Smothering his resentment at the last part of Ione's question, Arbaces continued: 'You know his pursuits, his companions his habits; the comissatio and the alea (the revel and the dice) make his occupation; and amongst the associates of vice how can he dream of virtue?'

'Still you speak riddles. By the gods! I entreat you, say the worst at once.'

'Well, then, it must be so. Know, my Ione, that it was but yesterday that Glaucus boasted openly--yes, in the public baths--of your love to him. He said it amused him to take advantage of it. Nay, I will do him justice, he praised your beauty. Who could deny it? But he laughed scornfully when his Clodius, or his Lepidus, asked him if he loved you enough for marriage, and when he purposed to adorn his door-posts with flowers?'

'Impossible! How heard you this base slander?'

'Nay, would you have me relate to you all the comments of the insolent coxcombs with which the story has circled through the town? Be assured that I myself disbelieved at first, and that I have now painfully been convinced by several ear-witnesses of the truth of what I have reluctantly told thee.'

Ione sank back, and her face was whiter than the pillar against which she leaned for support.

'I own it vexed--it irritated me, to hear your name thus lightly pitched from lip to lip, like some mere dancing-girl's fame. I hastened this morning to seek and to warn you. I found Glaucus here. I was stung from my self-possession. I could not conceal my feelings; nay, I was uncourteous in thy presence. Canst thou forgive thy friend, Ione?'

Ione placed her hand in his, but replied not.

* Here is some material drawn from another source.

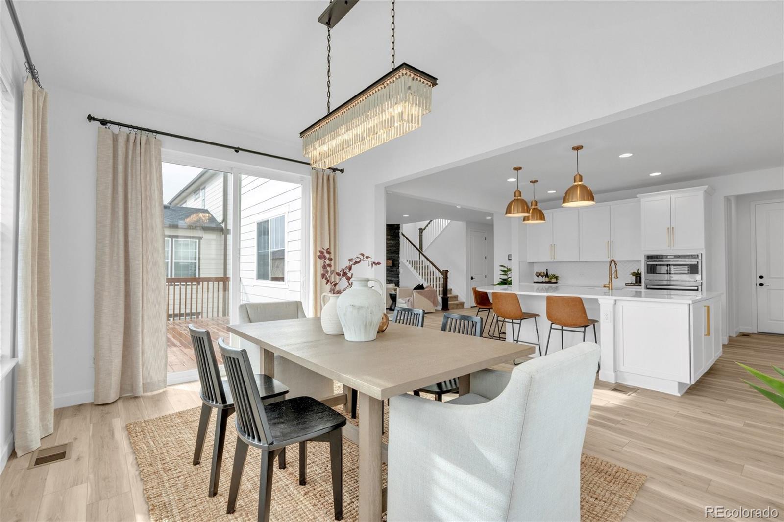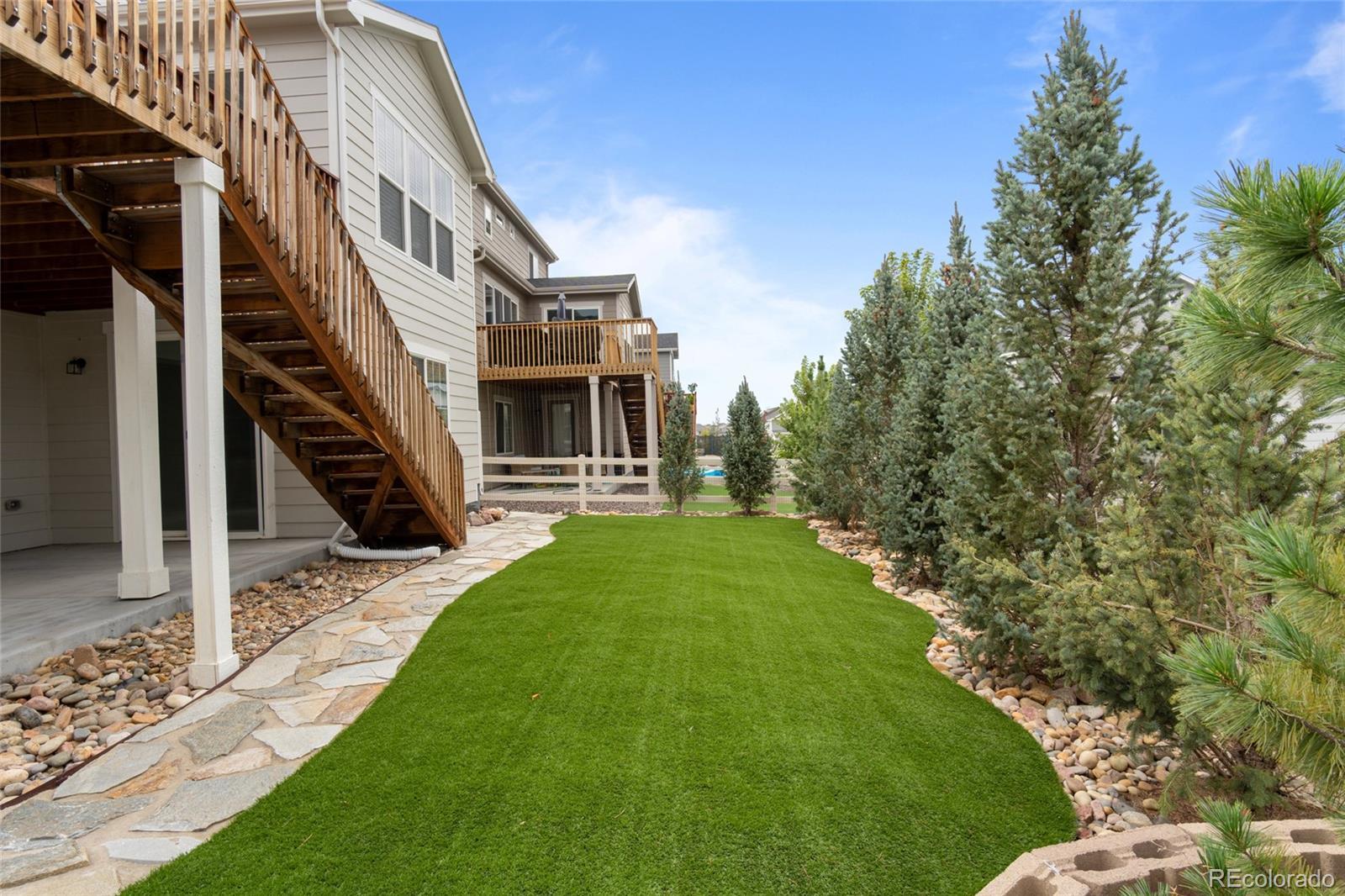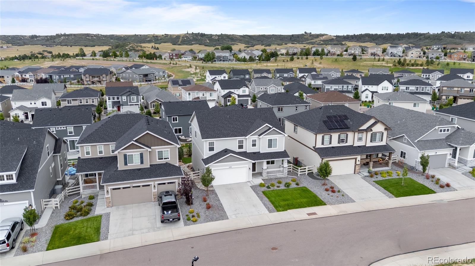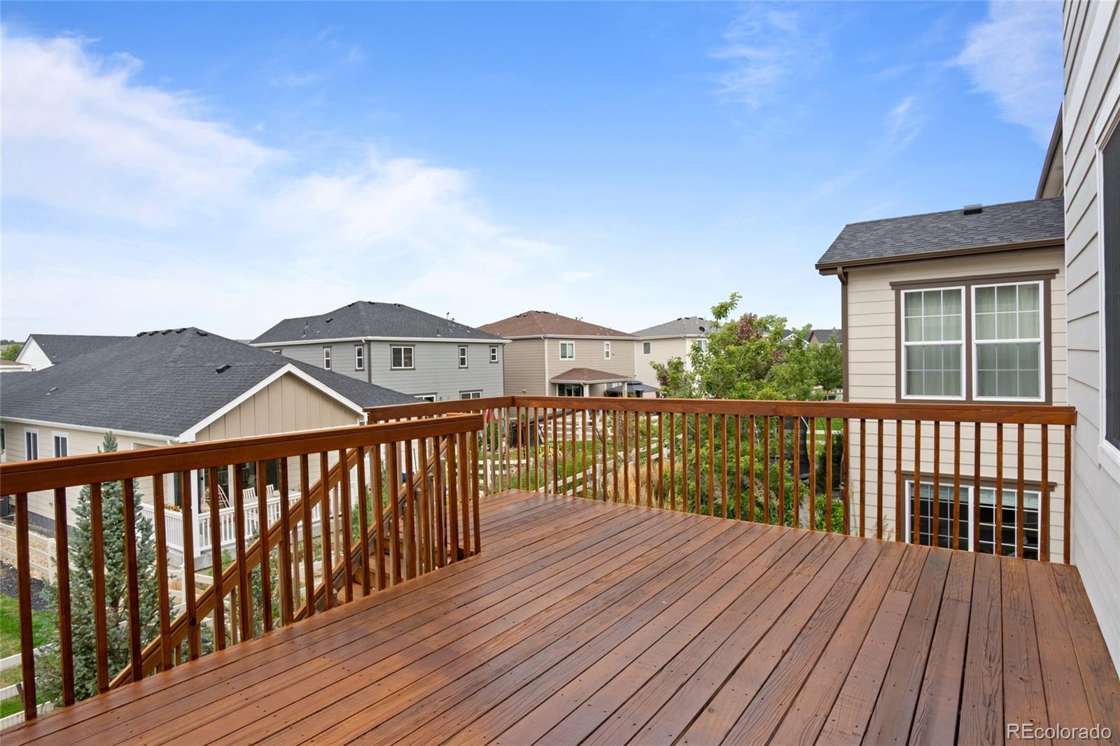 5230 Ditmars Lane offers space, privacy, and high level finish in a move in ready home with thoughtful upgrades throughout. This 5 bedroom, 4 bathroom property presents a functional layout, strong natural light, and consistent care across every level. The large gourmet kitchen features generous prep space, abundant cabinetry, and a large eat in dining area, with open flow into the main living spaces suited for daily living and entertaining. Luxury vinyl plank flooring adds durability and style across the primary areas. A dedicated office with French doors provides a quiet, enclosed workspace ideal for remote work or study. The fully finished walk out basement expands usable square footage with flexible space for guests, media, fitness, or multi generational living. Outdoor living stands out with a beautifully stained deck overlooking the landscaped backyard. Mature evergreen trees are thoughtfully placed to create privacy and a peaceful setting, giving the yard an established, park like feel. Location adds daily lifestyle value with nearby regional park access and connected trail systems for walking, running, and biking. Downtown Castle Rock shops, dining, and local amenities sit a short drive away, offering convenient access to restaurants, boutiques, and community events. Exceptionally clean and meticulously maintained, the home shows with a level of care and finish that surpasses many newly built properties. Turnkey condition, strong bedroom count, finished lower level, and established landscaping make this one worth a close look.

'Think no more of this,' said he; 'but let it be a warning voice, to tell thee how much prudence thy lot requires. It cannot hurt thee, Ione, for a moment; for a gay thing like this could never have been honored by even a serious thought from Ione. These insults only wound when they come from one we love; far different indeed is he whom the lofty Ione shall stoop to love.'

'Love!' muttered Ione, with an hysterical laugh. 'Ay, indeed.'

It is not without interest to observe in those remote times, and under a social system so widely different from the modern, the same small causes that ruffle and interrupt the 'course of love', which operate so commonly at this day--the same inventive jealousy, the same cunning slander, the same crafty and fabricated retailings of petty gossip, which so often now suffice to break the ties of the truest love, and counteract the tenor of circumstances most apparently propitious. When the bark sails on over the smoothest wave, the fable tells us of the diminutive fish that can cling to the keel and arrest its progress: so is it ever with the great passions of mankind; and we should paint life but ill if, even in times the most prodigal of romance, and of the romance of which we most largely avail ourselves, we did not also describe the mechanism of those trivial and household springs of mischief which we see every day at work in our chambers and at our hearths. It is in these, the lesser intrigues of life, that we mostly find ourselves at home with the past.

Most cunningly had the Egyptian appealed to Ione's ruling foible--most dexterously had he applied the poisoned dart to her pride. He fancied he had arrested what he hoped, from the shortness of the time she had known Glaucus, was, at most, but an incipient fancy; and hastening to change the subject, he now led her to talk of her brother. Their conversation did not last long. He left her, resolved not again to trust so much to absence, but to visit--to watch her--every day.

No sooner had his shadow glided from her presence, than woman's pride--her sex's dissimulation--deserted his intended victim, and the haughty Ione burst into passionate tears.